* [TASK TO CARRY OUT]:
All that is wanted is the exact lines from the first line of the data below through the line with "- Automatic magnetic", both ends included, with pictures omitted.

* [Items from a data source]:

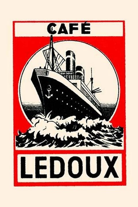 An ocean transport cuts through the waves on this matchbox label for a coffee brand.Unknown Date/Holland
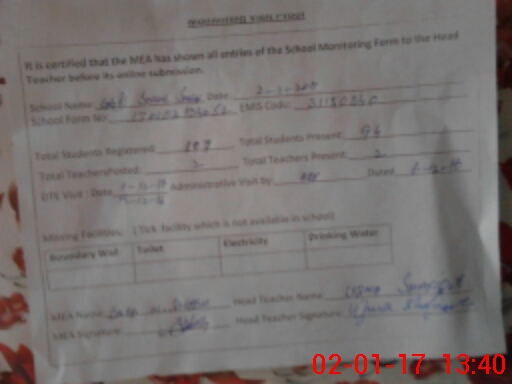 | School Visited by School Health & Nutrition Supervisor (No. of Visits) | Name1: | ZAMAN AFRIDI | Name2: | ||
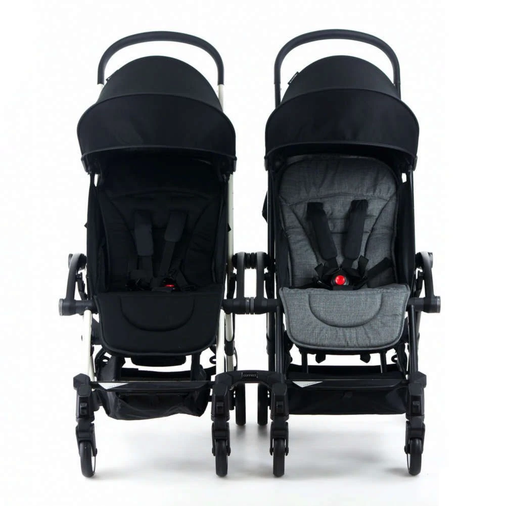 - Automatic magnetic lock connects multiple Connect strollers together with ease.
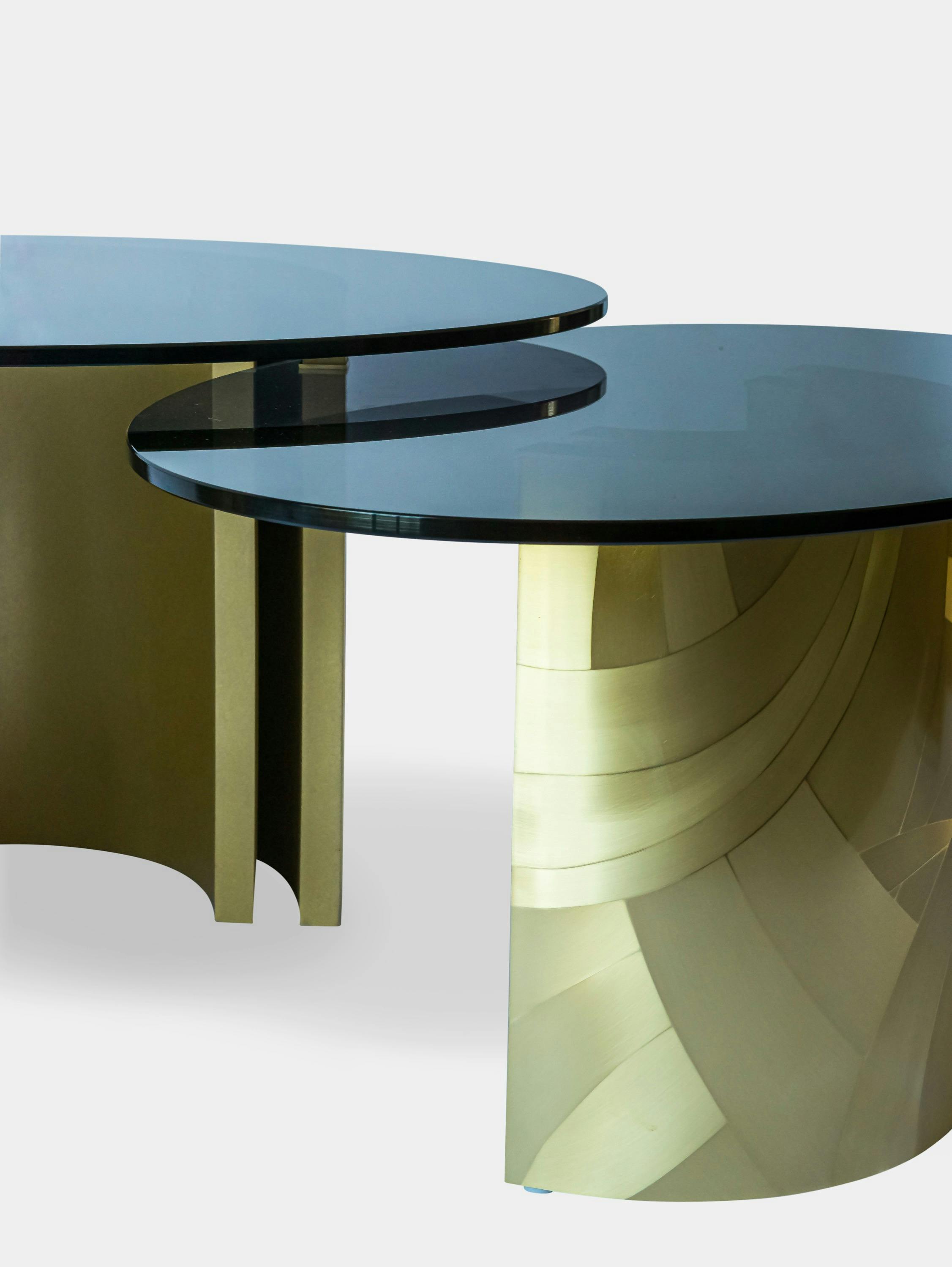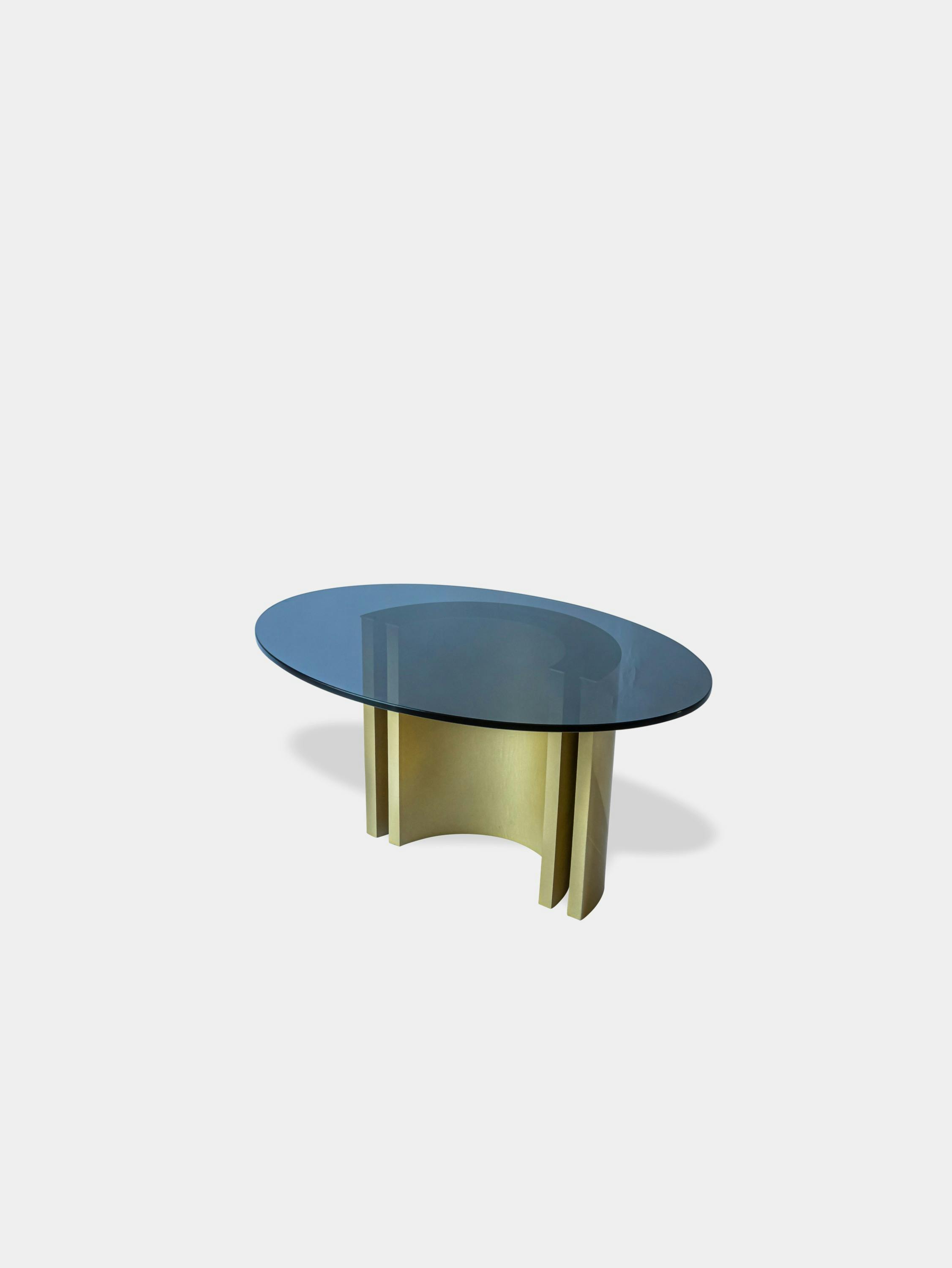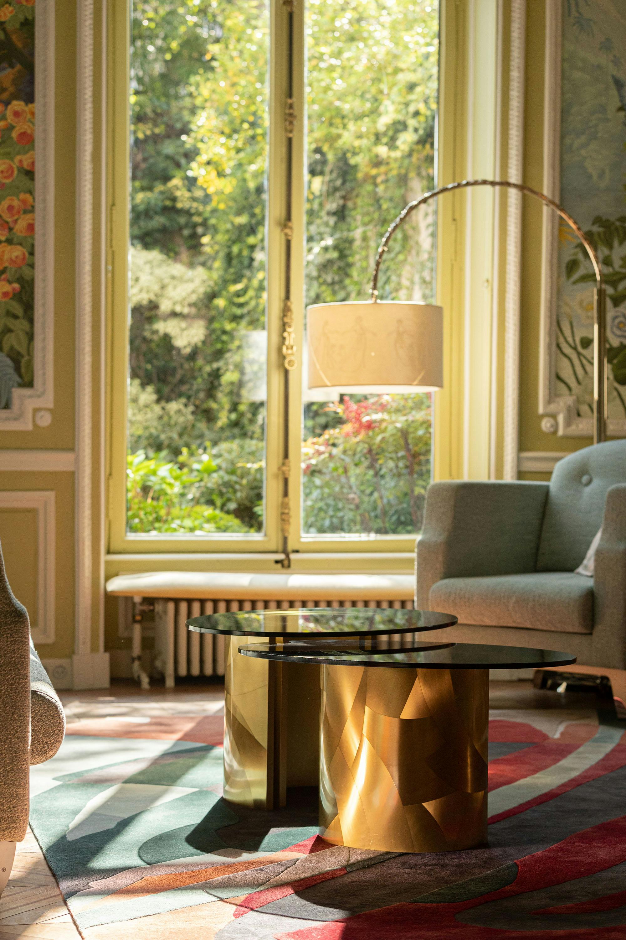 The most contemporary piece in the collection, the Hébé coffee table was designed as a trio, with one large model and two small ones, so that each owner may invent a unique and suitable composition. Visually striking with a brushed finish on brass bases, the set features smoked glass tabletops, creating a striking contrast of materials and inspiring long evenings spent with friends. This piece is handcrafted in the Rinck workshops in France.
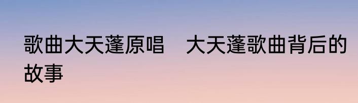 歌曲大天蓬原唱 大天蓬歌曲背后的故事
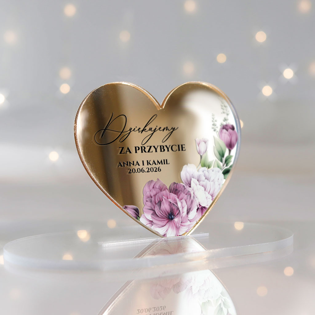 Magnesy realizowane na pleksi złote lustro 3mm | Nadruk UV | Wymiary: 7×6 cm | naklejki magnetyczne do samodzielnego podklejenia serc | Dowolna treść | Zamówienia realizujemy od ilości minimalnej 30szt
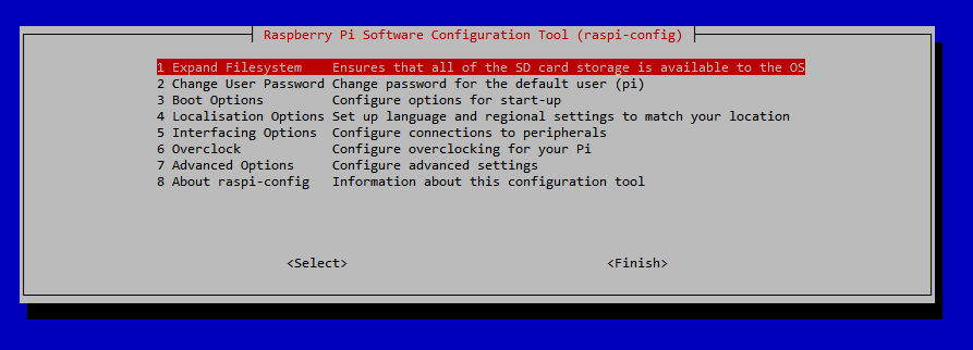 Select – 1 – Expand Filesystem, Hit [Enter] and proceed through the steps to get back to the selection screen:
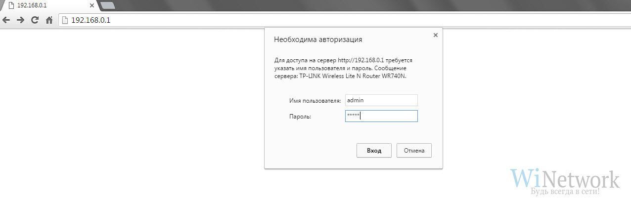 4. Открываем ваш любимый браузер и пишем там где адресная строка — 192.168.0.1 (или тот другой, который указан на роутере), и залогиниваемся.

* [EXERCISE OUTPUT]:
 An ocean transport cuts through the waves on this matchbox label for a coffee brand.Unknown Date/Holland
 | School Visited by School Health & Nutrition Supervisor (No. of Visits) | Name1: | ZAMAN AFRIDI | Name2: | ||
 - Automatic magnetic lock connects multiple Connect strollers together with ease.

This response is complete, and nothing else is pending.